## [Data excerpts]
-- -- --

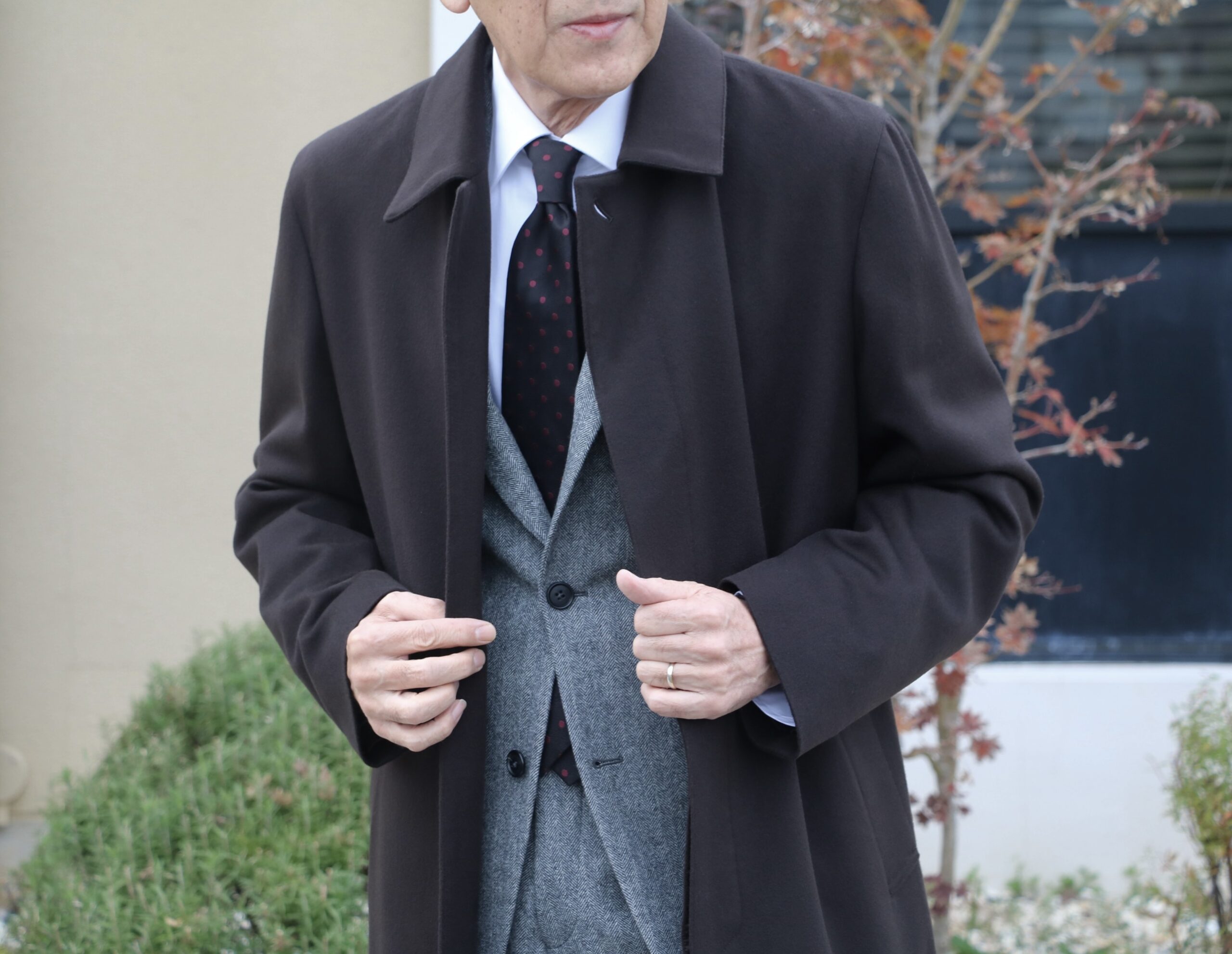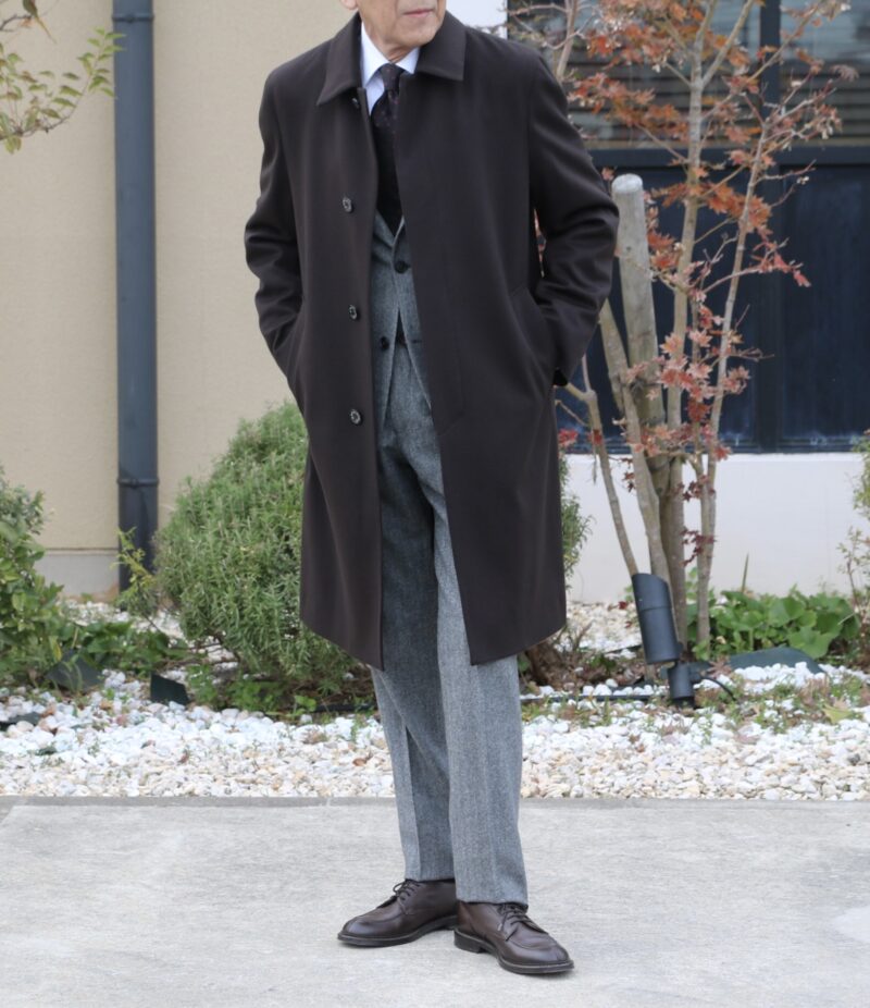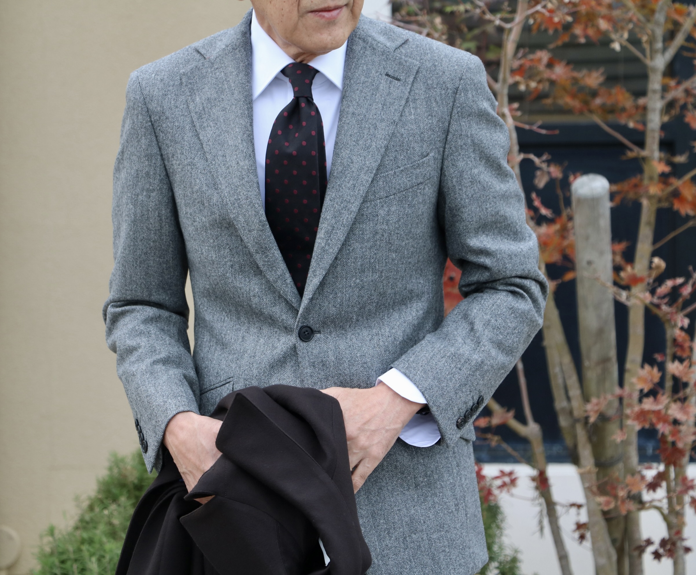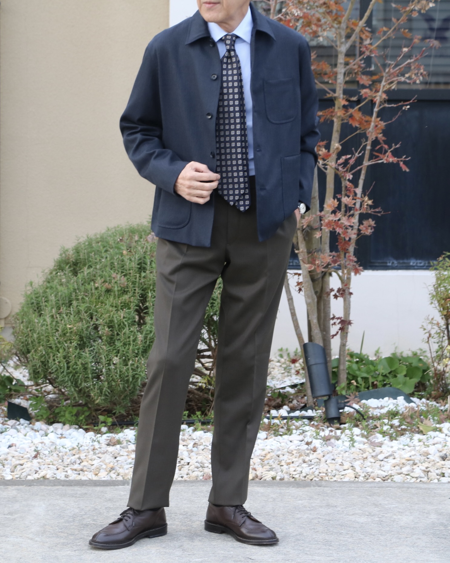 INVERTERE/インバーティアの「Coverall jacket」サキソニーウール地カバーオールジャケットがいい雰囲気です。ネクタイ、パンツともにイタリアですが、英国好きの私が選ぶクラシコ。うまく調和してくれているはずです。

-- -- --

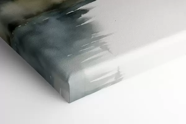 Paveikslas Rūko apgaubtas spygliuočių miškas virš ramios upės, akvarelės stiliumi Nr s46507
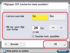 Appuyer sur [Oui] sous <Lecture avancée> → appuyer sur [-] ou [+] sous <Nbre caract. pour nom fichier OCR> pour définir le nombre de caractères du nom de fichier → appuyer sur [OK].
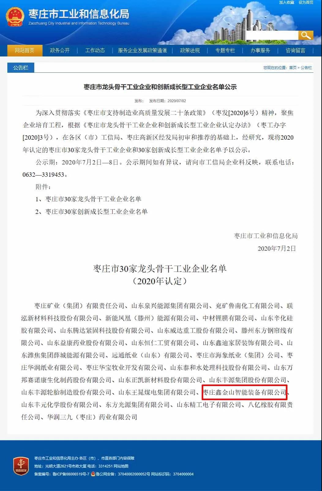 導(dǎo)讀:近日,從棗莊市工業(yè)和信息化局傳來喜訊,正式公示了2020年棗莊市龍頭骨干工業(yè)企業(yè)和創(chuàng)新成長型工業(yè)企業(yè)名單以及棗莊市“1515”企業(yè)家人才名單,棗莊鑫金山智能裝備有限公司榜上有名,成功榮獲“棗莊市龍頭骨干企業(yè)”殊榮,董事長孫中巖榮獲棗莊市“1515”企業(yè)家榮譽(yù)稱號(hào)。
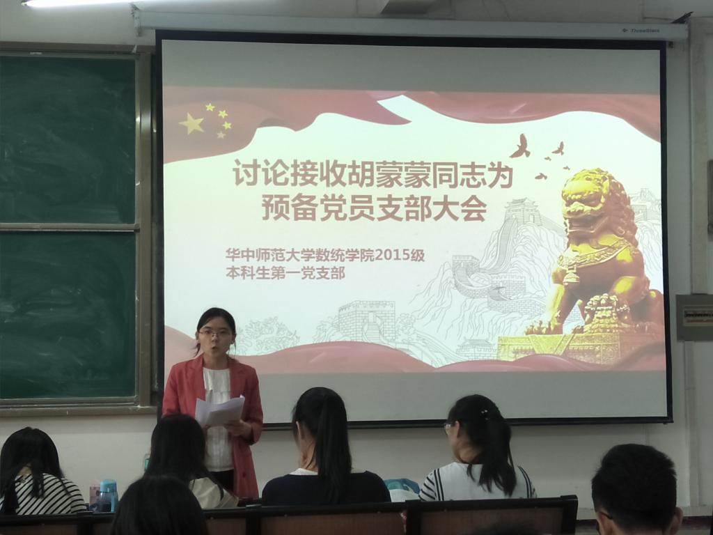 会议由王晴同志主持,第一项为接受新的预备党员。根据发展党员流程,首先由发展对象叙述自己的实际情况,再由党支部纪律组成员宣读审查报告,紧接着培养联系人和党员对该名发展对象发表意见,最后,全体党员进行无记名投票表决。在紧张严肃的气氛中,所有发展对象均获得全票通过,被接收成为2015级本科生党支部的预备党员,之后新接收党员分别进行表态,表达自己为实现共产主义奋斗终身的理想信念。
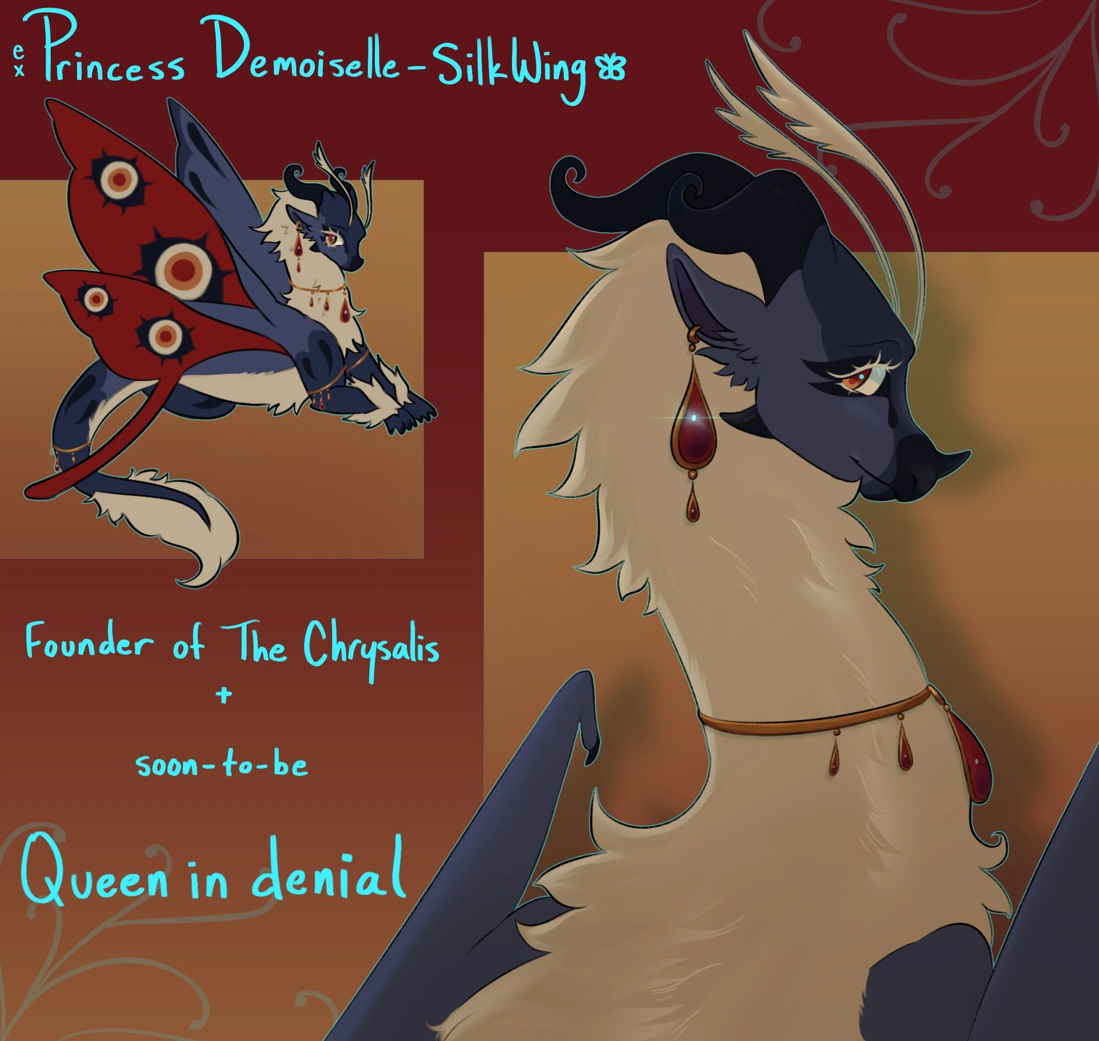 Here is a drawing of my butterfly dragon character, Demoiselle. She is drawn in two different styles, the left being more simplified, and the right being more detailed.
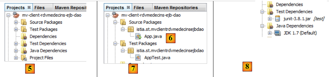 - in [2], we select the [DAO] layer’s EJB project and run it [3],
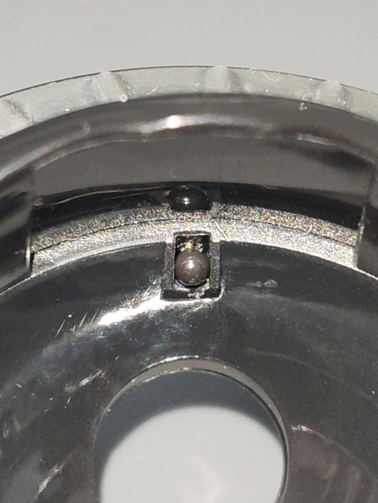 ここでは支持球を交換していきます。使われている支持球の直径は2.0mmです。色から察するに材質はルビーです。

-- -- --

## [What to work on]
Transcribe, from the material above, the stretch starting at the line with "会议由王晴同志主持,第一项为" and ending at the line with "ここでは支持球を交換していき", both included, exactly. Do not carry over pictures.

## [Answer to the exercise]
 会议由王晴同志主持,第一项为接受新的预备党员。根据发展党员流程,首先由发展对象叙述自己的实际情况,再由党支部纪律组成员宣读审查报告,紧接着培养联系人和党员对该名发展对象发表意见,最后,全体党员进行无记名投票表决。在紧张严肃的气氛中,所有发展对象均获得全票通过,被接收成为2015级本科生党支部的预备党员,之后新接收党员分别进行表态,表达自己为实现共产主义奋斗终身的理想信念。
 Here is a drawing of my butterfly dragon character, Demoiselle. She is drawn in two different styles, the left being more simplified, and the right being more detailed.
 - in [2], we select the [DAO] layer’s EJB project and run it [3],
 ここでは支持球を交換していきます。使われている支持球の直径は2.0mmです。色から察するに材質はルビーです。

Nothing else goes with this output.